Breaking into the fiercely competitive and tightly woven live events industry is difficult for young people at the best of times. Add a global pandemic, the subsequent lockdown of live events and the increasing anxiety of a lost generation of skills to the mix and it can seem like an impossible pursuit. However, as has been documented in each print edition of TPi since COVID-19 reared its ugly head, where there is constraint, there is innovation.
Take aspiring show designer, Cedric Duré, for example. Born in Antwerp, Belgium, the 17-year old runs a promising show design agency, Outdream Creative. His passion for the live events industry was sparked at the age of nine. “I have always been very passionate about music, art and technology, and the live events industry merges all of these interests,” he began. “I got into the industry by doing my first shows with a local DJ, DIVS, who I met through my volleyball coach. I started to network with people I met at the venues DIVS played and it took off from there.”
Currently studying for a high school degree in Economics and Modern Languages, Duré believes that a diverse skillset and being open to alternative career paths away from the sector – especially amid a global pandemic – are worth exploring. “I have been studying for a year via home tuition to be more flexible and focus more on my desired career in the live events sector. You never know what is going to come across your path, so it is very important to have a plan B, and even a plan C.”
Having been approached for production design and lighting at a series of music festivals in Belgium, the summer of 2020 was set to be the busiest of Duré’s burgeoning career as a live events professional. “Despite the cancellation of most events in my calendar, COVID-19 has afforded me with a lot of opportunities to develop new projects, improve my skillset, and meet new people – albeit online,” he said, reassuringly.
With most live shows temporarily grounded, Duré has enhanced his knowledge of industry tools such as MA Lighting grandMA2, grandMA3, disguise, Resolume, Unreal Engine and Blender by attending webinar sessions, watching tutorials and networking. “I enjoy experimenting and trying different things,” he noted. “One of the things I am still learning to this day is how to work more efficiently and deal with the time pressure involved with live shows.”
Duré was lucky enough to put his newfound skillset to good use last year, working on livestream VR Stream Marathon events as well as smaller COVID-19 secure projects. “I was able to work on my first show with Unreal Engine, an amazing piece of software that I have been learning during lockdown, using real-time generated content to follow the position and orientation of dancers.”

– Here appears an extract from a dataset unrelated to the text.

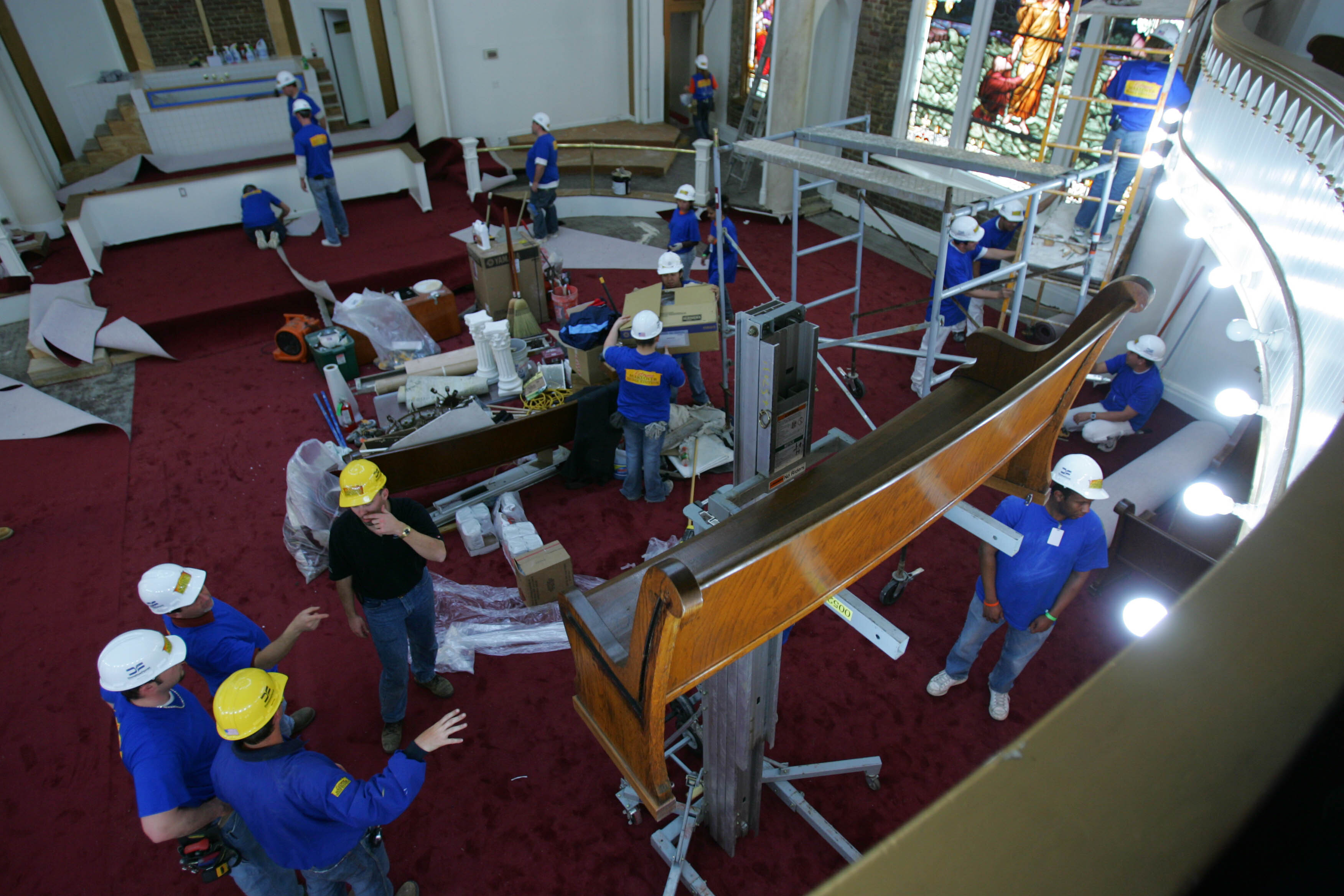 The project required an immense amount of pre- planning and coordination. The renovation of the church consisted of four areas: the exterior of the building, the sanctuary, the gym/classroom/nursery, and the kitchen/ pantry area. Over 2,100 volunteers aided in the project, working at all hours of the day and night to keep the project on schedule.

Unfortunately, the show was postponed due to the pandemic. However, in the same week, Duré was approached to program lighting for the Lost Frequencies’ Ocus Gin DJ set livestream. “I couldn’t believe this at first because it was a huge dream of mine to work for a triple A artist,” he enthused. “I have also worked on a couple of virtual 3D studios for corporate and music livestreams.”
Recalling his experience of TPi’s first foray into digital events, Production Futures Online, Duré said: “I had the chance to meet and connect with some amazing people there that I am still in touch with. I am now part of Next Robe Generation (NRG). With the lockdown of live events, Production Futures Online is the closest thing to a real networking event. I can’t wait for the next one!”
Currently working on a fixed installation which involves programming a custom UI to control lights and video, Duré looked back on what he has learned thus far and how the skills he has developed over the past 12 months will be put to use on site – blurring the line between the physical and virtual world to connect audiences. “I want to keep growing as an artist and doing what I love,” he concluded. “I am so grateful to be in a position to learn. I can’t wait for what the future will bring, notwithstanding COVID-19. I have had this spark for the sector since I was nine years old, and I don’t think that it will fade anytime soon.”